Given OTP 21.0, Elixir 1.6.6 and libcluster 3.0.1:

iex --name vanguard@vanguard01.cloud.phx3.gdg --cookie test -S mix phx.server
Erlang/OTP 21 [erts-10.0] [source] [64-bit] [smp:8:8] [ds:8:8:10] [async-threads:1] [hipe]

[info] [swarm on vanguard@vanguard01.cloud.phx3.gdg] [tracker:init] started
[error]
** Cannot get connection id for node :"vanguard@vanguard01.cloud.phx3.gdg"

[warn] [libcluster:db] unable to connect to :"vanguard@vanguard01.cloud.phx3.gdg"
[warn] [libcluster:db] unable to connect to :"vanguard@vanguard02.cloud.phx3.gdg"
[info] Running VanguardWeb.Endpoint with Cowboy using http://0.0.0.0:4000
Interactive Elixir (1.6.6) - press Ctrl+C to exit (type h() ENTER for help)
iex(vanguard@vanguard01.cloud.phx3.gdg)1> 21:00:06 - info: compiled 6 files into 2 files, copied 3 in 739 ms
[info] [swarm on vanguard@vanguard01.cloud.phx3.gdg] [tracker:cluster_wait] joining cluster..
[info] [swarm on vanguard@vanguard01.cloud.phx3.gdg] [tracker:cluster_wait] no connected nodes, proceeding without sync

Given OTP 20.3.8, Elixir 1.6.6 and libcluster 3.0.1:

iex --name vanguard@vanguard01.cloud.phx3.gdg --cookie test -S mix phx.server
Erlang/OTP 20 [erts-9.3.3] [source] [64-bit] [smp:8:8] [ds:8:8:10] [async-threads:10] [hipe] [kernel-poll:false]

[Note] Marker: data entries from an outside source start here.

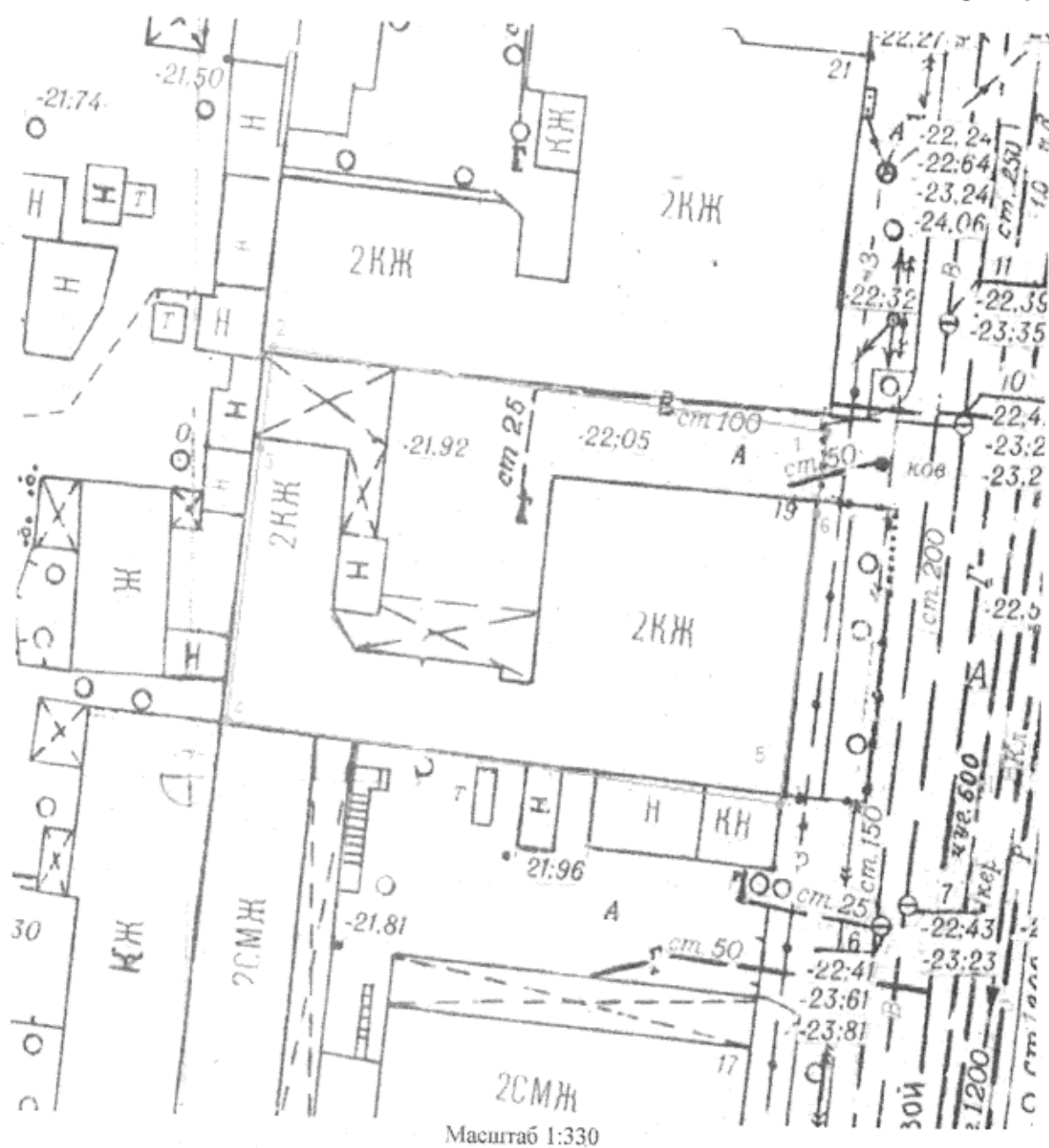
Схема границ территории объекта культурного наследия регионального значения «Дом жилой усадьбы Афанасова, 2-я пол. XIX в.», расположенного в городе Астрахани по адресу: ул. Максаковой, 19 (Лит. «А», ворота)

- изложить Приложение № 49 постановления в новой редакции:
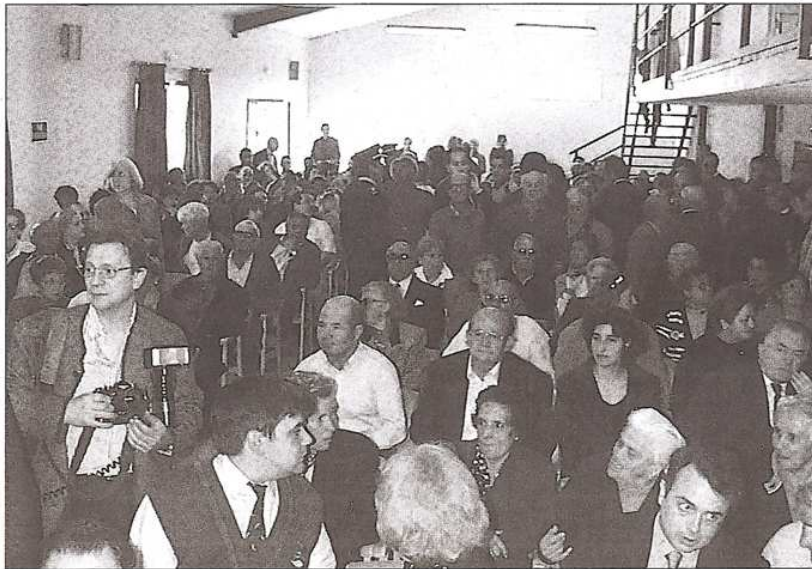
Los vecinos de La Adrada están llamados a participar de las ferias que arrancan estos días

De manera simultánea a la Feria de los Santos, se celebrará una nueva edición de la recién creada Feria de Muestras de La Adrada, que vivirá en esta ocasión su tercera edición y contará con algunos cambios respecto a las dos anteriores, según señala sobre el particular Javier Ca-
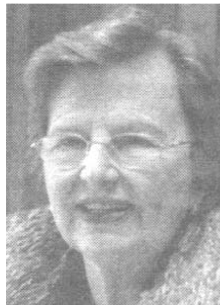
Zilda Arns Neumann
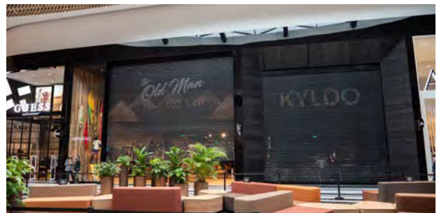
Type geperforeerde rolluiken
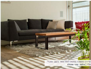
הדירה התאמה נפתחה לחלל אחד. עיצוב: נטע-לי פלד
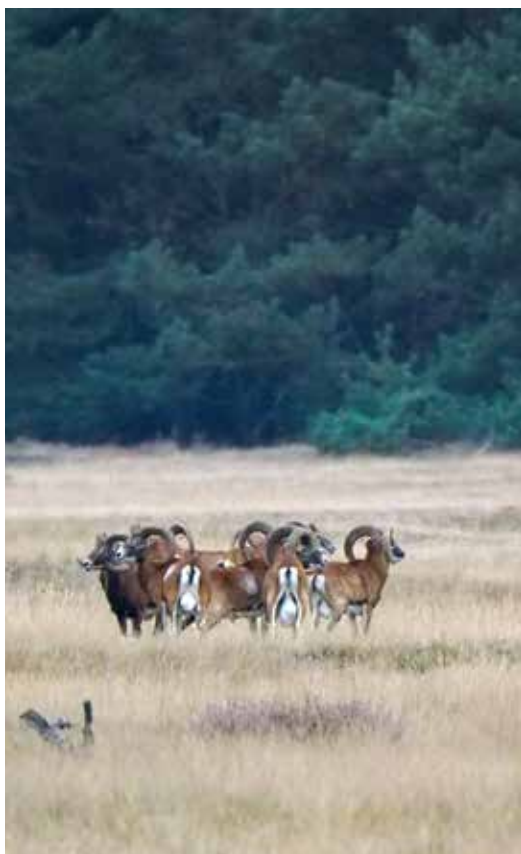
Tijdens onze fietstocht komen we oog in oog te staan met een kudde moeflons.
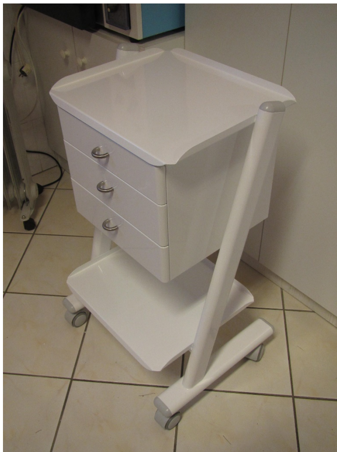
Gördíthetó mőszerasztal C2RK3 (leltári szám: )
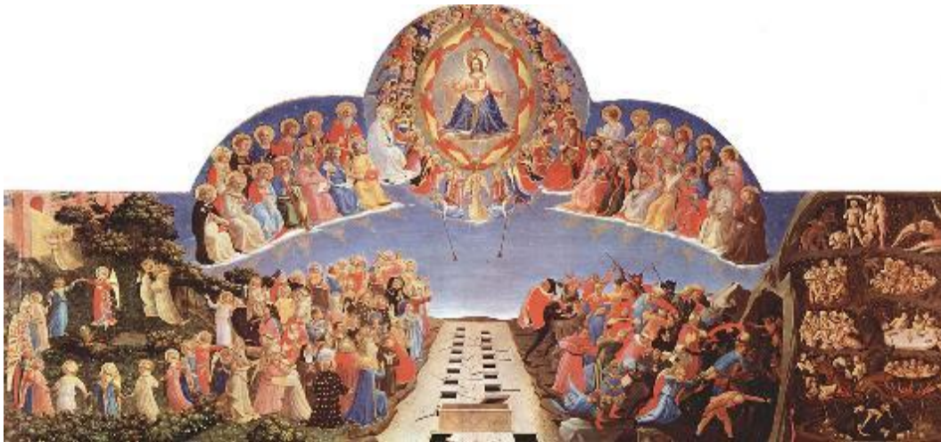
“El juicio final”, de Fra Angelico

Esta es la imagen que distingo entre muchas otras cuando googleo buscando “evaluación- juicio de valor”, porque refiere a aquel sentido tan caro a los cristianos, desde el que se nos evalúa y sanciona en función de nuestros actos: algunos serán salvados, y otros condenados.
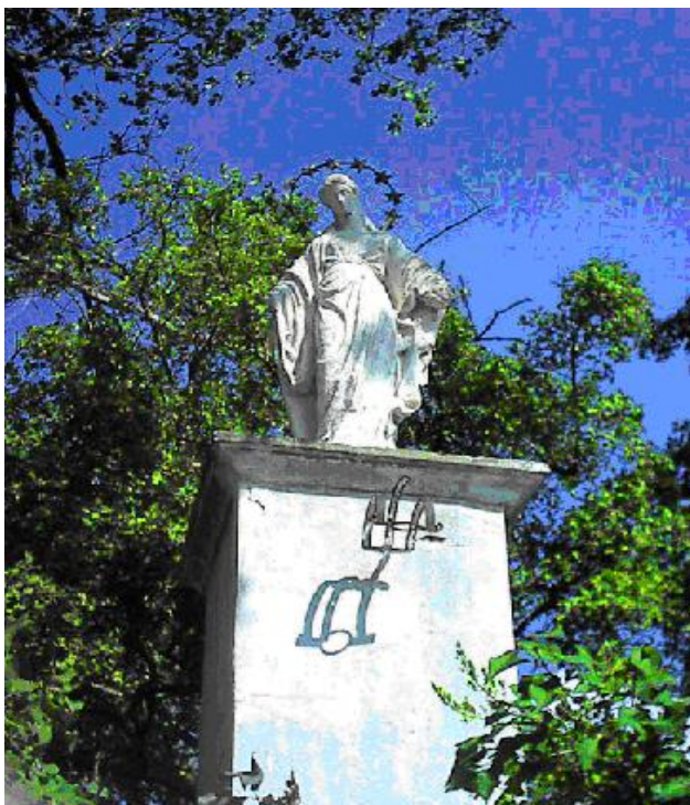
Kapliczka przydrożna w Toporowie

Teren Miasta i Gminy jest bardzo zróżnicowany pod względem wartości przyrodniczych, które można ocenić m.in. na podstawie występowania i rozmieszczenia różnych gatunków ptaków. Łącznie w ostatnich latach stwierdzono
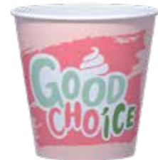
SHAKE / EISBECHER SMALL 300 ML 20 X 50 STÜCK 35210
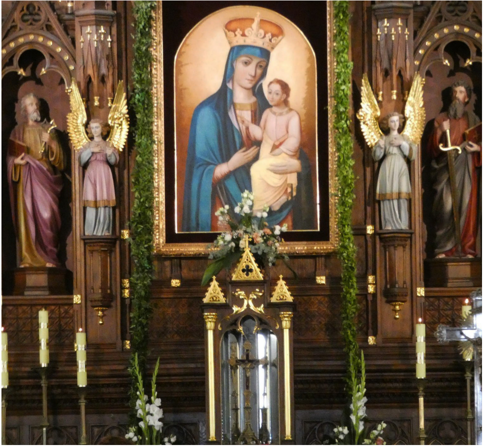
2 pav. Krekenavos Dievo Motinos paveikslas, papuoštas Žolinės šventei.
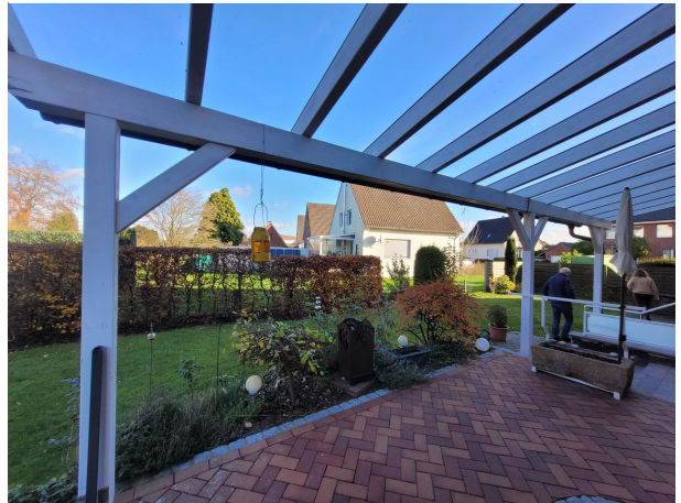
Veranda Haus 2
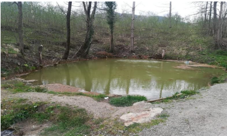
Resim- 6: Çermik Suyu - Gölköy
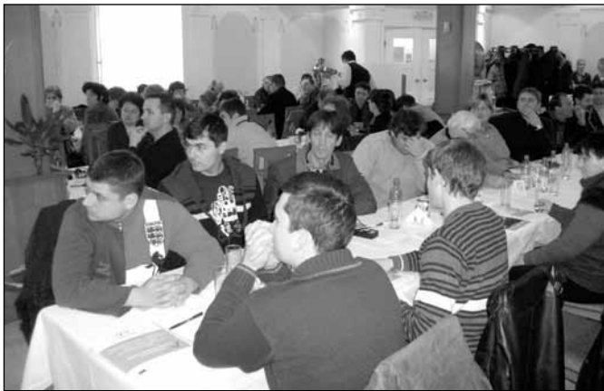
Učesnici konferencije u Nepkeru

Bez obzira na ugovor koji su potpisali Subotica kao vodeći partner i Segedin kao projektni partner, oni koji su radili na realizaciji konkretnih poslova, još nisu dobili finansijsku podršku iz ugovora. To zato naglašavam, jer nam je pre početka realizacije projekta bilo jasno, da će izvršavanje obaveza iziskivati angažovanje značajnih intelektualnih potencijala, uz istovremeno uključivanje velikog broja učesnika ukoliko želimo uspešno realizovati projekat, međutim priprema i realizacija raznih priredbi već iziskuje konkretna finansijska ulaganja, a za te namene nismo dobili ni jedan cent. U našem slučaju to je trebao da nam obezbedi Grad Subotica, ali još uvek čekamo novac, a u ovakvim uslovima – imajući u vidu opštu ekonomsku situaciju – lako se mogu shvatiti oni problemi, koji proizilaze iz nedostatka obećane i ugovorom garantovane finansijske podrške. Naravno mi sa naše strane nećemo dozvoliti, da se realizacija projekta stavi pod znak pitanja sada, kada polako stižemo do završne faze, ali bilo bi dobro, da nem se prenese barem deo uloženi sredstava. U toku pripreme projekta bilo nam je jasno, da su pravila u vezi EU projekata veoma stroga u pogledu realizacije i obračuna, znali smo da do zadnjeg centa moramo opravdati sav potrošeni novac, znali smo da se projekat naknadno finansira, ali to nismo mogli pretpostaviti, da ugovoreni avans nećemo dobiti ni dobiti naknadno.
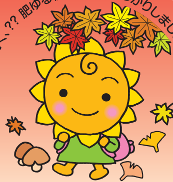
大阪民間共済会キャラクター "きょうちゃん"
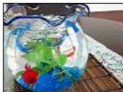
入居者様の私物ですが目に涼しい飾りです

特にこの時期は切花など長持ちがしないのですが水換えや枯れた花を取り替えるなどして1日でも長く楽しんでいただこうと世話をしています。こうして写真に撮っておくと後で見ることにもできますね。活け方は「水間流」ですので申し訳ないですが、ネクストビューふじ川内に花を添えてくれています 担当：水間
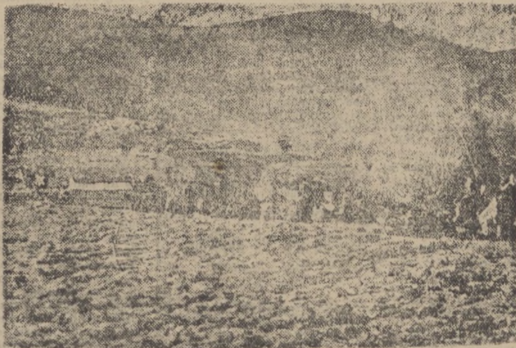
Las baterías nacionales emplazadas en alturas casi inaccesibles del frente vasco

La impresión que se tiene acerca de esta maniobra de Delbos es que ha fracasado apenas nacida, ya que el Caudillo de la España nacional, Generalísimo Franco, mantiene la única posición digna, a saber: seguir luchando hasta alcanzar la victoria definitiva y extirpar del suelo español todas las raíces del comunismo.
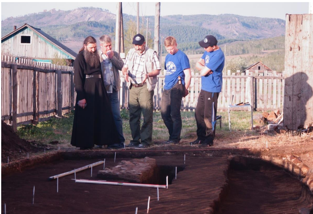
Изучение территории Успенской церкви в с. Калинино (до 1923 года Монастырское) Забайкальский край, Нерчинский район, 2015 год

[info] [swarm on vanguard@vanguard01.cloud.phx3.gdg] [tracker:init] started
[info] [libcluster:db] connected to :"vanguard@vanguard01.cloud.phx3.gdg"
[warn] [libcluster:db] unable to connect to :"vanguard@vanguard02.cloud.phx3.gdg"
[info] Running VanguardWeb.Endpoint with Cowboy using http://0.0.0.0:4000
Interactive Elixir (1.6.6) - press Ctrl+C to exit (type h() ENTER for help)
iex(vanguard@vanguard01.cloud.phx3.gdg)1> 21:47:42 - info: compiled 6 files into 2 files, copied 3 in 730 ms
[info] [swarm on vanguard@vanguard01.cloud.phx3.gdg] [tracker:cluster_wait] joining cluster..
[info] [swarm on vanguard@vanguard01.cloud.phx3.gdg] [tracker:cluster_wait] no connected nodes, proceeding without sync

The text was updated successfully, but these errors were encountered:

starbelly · 2018-06-20T03:49:44Z

This seems like suspect number one to me:

OTP-14370    Application(s): erts

               *** POTENTIAL INCOMPATIBILITY ***

               Truly asynchronous auto-connect. Earlier, when
               erlang:send was aimed toward an unconnected node, the
               function would not return until the connection setup
               had completed (or failed). Now the function returns
               directly after the message has been enqueued and the
               connection setup started.

               The same applies to all distributed operations that may
               trigger auto-connect, i.e. '!', send, link, monitor,
               monitor_node, exit/2 and group_leader.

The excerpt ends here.